Week 6: Regression and Classification Flashcards
How do you make a prediction vector using knn in R?
knn(train, test, cl, k)
train is the training set with only the predictor variables, test is the test set with only the predictor variables, cl is the outcomes from the training set, k is the desired k
What are interaction terms?
Y = B0 + B1X1 + B2X2 + B3X1X2 + e
Combination of predictors
What is overfitting?
following the errors or noise too closely
What is variance?
the amount by which f* would change if we estimated it using a different training data set. In general, more flexible methods have higher variance
What is a generative model for classification?
Model the distribution of the predictors X separately in each of the response classes. Then use Bayes theorem to flip these around into estimates for Pr(Y=k|X=x)
Why does k-fold CV give more accurate estimates of MSE than LOOCV?
LOOCV has higher levels of variance than k-fold because the model outputs are highly correlated with each other and therefore the mean has higher variance
What is the residual sum of squares (RSS)?
sum of all the residuals squared:
e1^2 + e2^2 …
What is confounding?
When performing regressions with a single predictor shows a very different outcome to performing regressions with multiple predictors that are also relevant
How do you find f with a parametric method?
First make an assumption about the functional form or shape of f, then use a procedure that uses the training data to fit or train the model
How do you predict the outcome of the model in R?
predict(model)
How do you interpret B0 and B1 when there is a dummy variable 1, when someone is a student, 0 when they are not a student
B0 can be interpreted as the average Y among non-students. B0 + B1 as the average Y among students. B1 as the average difference in Y between students and non students
What is the aim of linear discriminant analysis?
Find estimate for fk(x) to estimate pk(x) by approximating bayes classifier
What is sensitivity/recall?
the percentage of Trues that are identified correctly = TP/(TP+FN)
What is the difference between prediction and inference?
Prediction: predict Y using Y* = f*(X),
Inference: understanding the association between Y and X
What is the advantage and disadvantage of parametric methods?
Advantage: reduce the problem of estimating f down to one of estimating a set of parameters
Disadvantage: will usually not match the true unknown form of f
What do you need to check the significance of multiple coefficients together e.g. B0 = B1 = B2 = 0?

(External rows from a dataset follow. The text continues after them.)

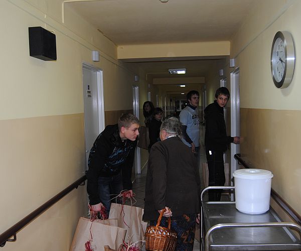 Wcześniej przed wizytą młodzież własnoręcznie przygotowała upominki oraz kartki świąteczne z życzeniami dla pensjonariuszy Domu Pomocy Społecznej.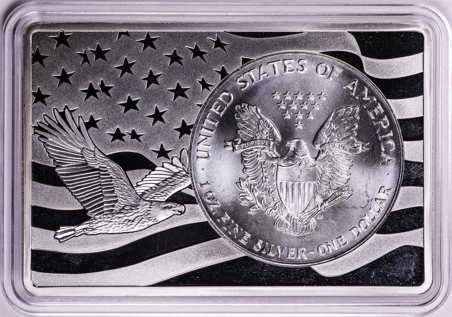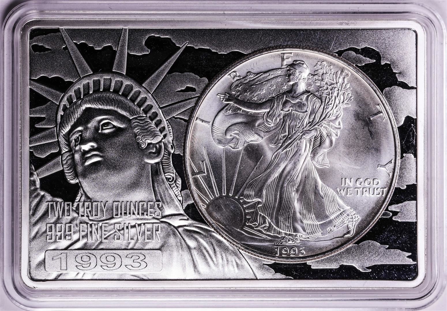 One 1993 $1 American Silver Eagle Coin & 2oz Silver Bar Set.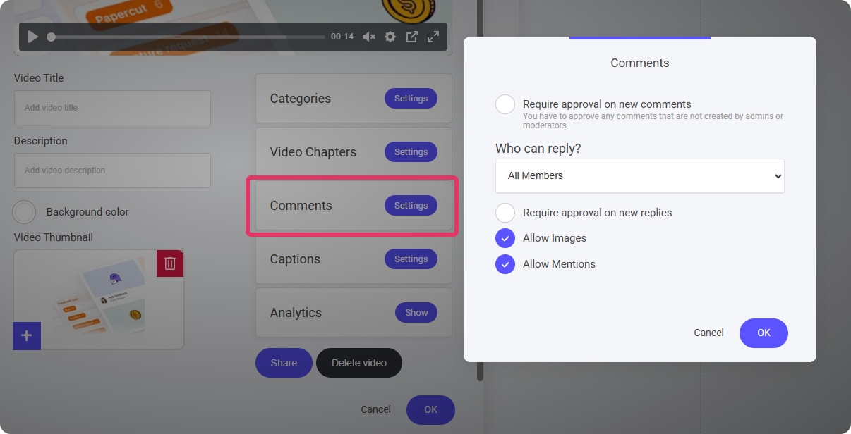 Note: You can enable and disable comments when adding your videos to a page and also a playlist.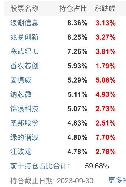 截至2023年9月末,招商优势企业基金前十大持仓均是成长股,有着很强的新兴产业味道,如下图所示: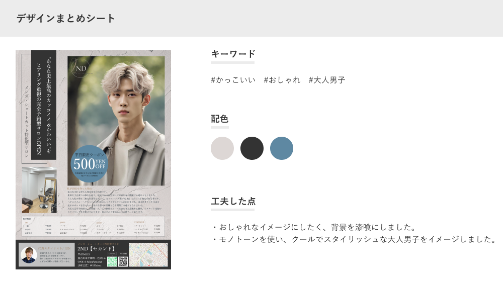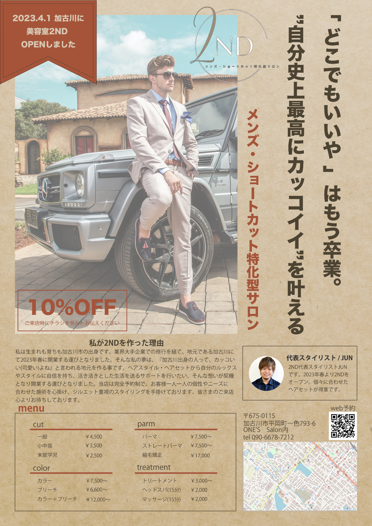 美容室チラシ あかね webデザイナー OVERVIEW メンズ・ショートカット特化型サロンのチラシを作成しました。 その他のパターン出し「男が憧れるかっこよさ」をコンセプトに出来る男をイメージして黒・ゴールドをベースに制作しました。西洋紳士系をコンセプトにベージュを基調におしゃれなジェントルマンをイメージして制作しました。

F-statistic, large F-statistic to reject null hypothesis
What is k-fold cross validation?
Randomly divide the set of observation into k groups (or folds) of approximately equal size. The first fold is treaded as a validation set and the method is fit on the remaining k-1 folds. Repeat k times and get k estimates of the MSE. Find the average
How do you quantify the test error on classification problems?
use the number of mis-classified observations rather than the MSE
How can you detect non-linearity of data with a linear model?
Plot the residuals ei versus the predictor xi
What is the error rate?
1 - Accuracy
What happens to MSE as model flexibility increases?
training MSE will decrease, but test MSE may not
How do you interpret the coefficients of multinomial logistic regression? with stroke, overdose and epilepsy as the 3 classifications
If epilepsy is set as the baseline, the B(stroke)0 is interpreted as the log odds of stroke versus epilepsy given that x1 = … = x1 = 0. A one unit increase in Xj is associated with a B(stroke)j increase in the log odds of stroke over epilepsy
What is the logistic function?
p(X) = [e^ B0+B1X] / [1 + e^ B0+B1X]
How do you produce table of observed vs predicted results when classified discretely?
table(true=, predicted=)
When selecting a level of smoothness for non-parametric methods, what is the trade-off?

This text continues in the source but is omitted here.